Tucsonan Stephen Stone, 70, conducted what may have been one of the first studies of obesity in American children, a precursor to First Lady Michelle Obama’s current childhood health mission. “Childhood Obesity: Identification, Management and Prevention,” his research project that began in 1985 at the University of Maryland, identified cardiovascular risk factors, says Stone, and discovered that heart disease in adults may have its onset in childhood obesity and lack of exercise. Stone holds a Ph.D. in exercise physiology from Texas A & M University.
Prior to moving to Tucson in 1989 from Richmond, Va., Stone was on the pediatric cardiology and psychology faculty at the Medical College of Virginia. Stone started a private practice in cardiac rehabilitation that same year at the Tucson Jewish Community Center, where he has taught Pilates classes for the past 10 years. He is also director of cardiac rehabilitation at the Fit Center on River, part of the Pima Heart group of cardiologists and investors, who, says Stone, “support medically credible exercise” for people with cardiovascular conditions.
The childhood research project that Stone conducted from 1985 to 1990 showed that “fourth grade children we worked with already experienced tightness in their joints and were unable to touch their toes,” he told the AJP. “Cardiovascular disease and other health effects of inactivity and obesity have their roots in childhood and evolve into middle age.
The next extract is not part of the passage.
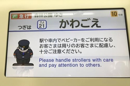 東武鉄道によると、注意喚起は東武野田線と東武東上線の一部車両内で、ドアの上にあるディスプレーに表示。東武野田線では2013年から、18編成で導入している。
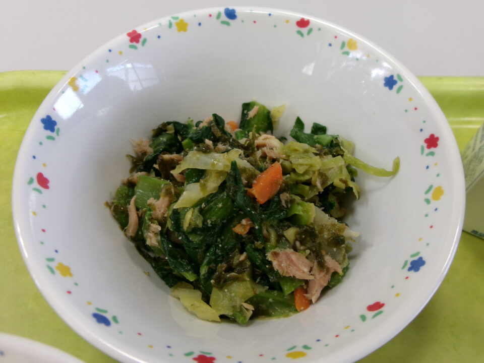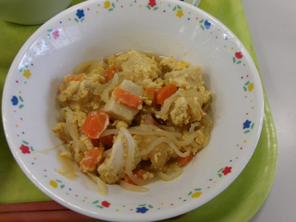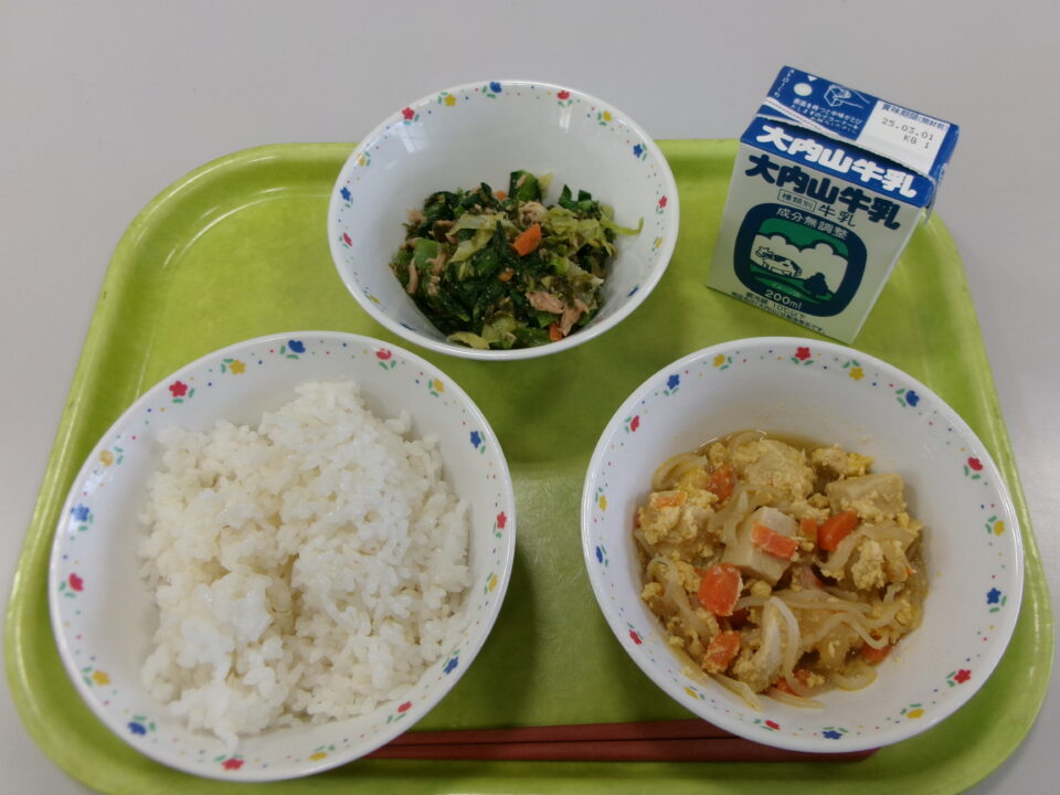 今日の給食は、ご飯(麦入り)、牛乳、高野豆腐の卵とじ、小松菜ののり酢和えでした。

Working with these children over five years, we could see the de-evolution of their well-being.”
Stone originally came to Tucson as part of Sierra Tucson’s clinical psychology team, to help patients with eating disorders get more out of therapy. The traditional medical view is that the mind and body are separate, but “that’s a misconception,” says Stone. “I was taught that the brain affects the body and the body affects the brain. The body and the mind are the same thing.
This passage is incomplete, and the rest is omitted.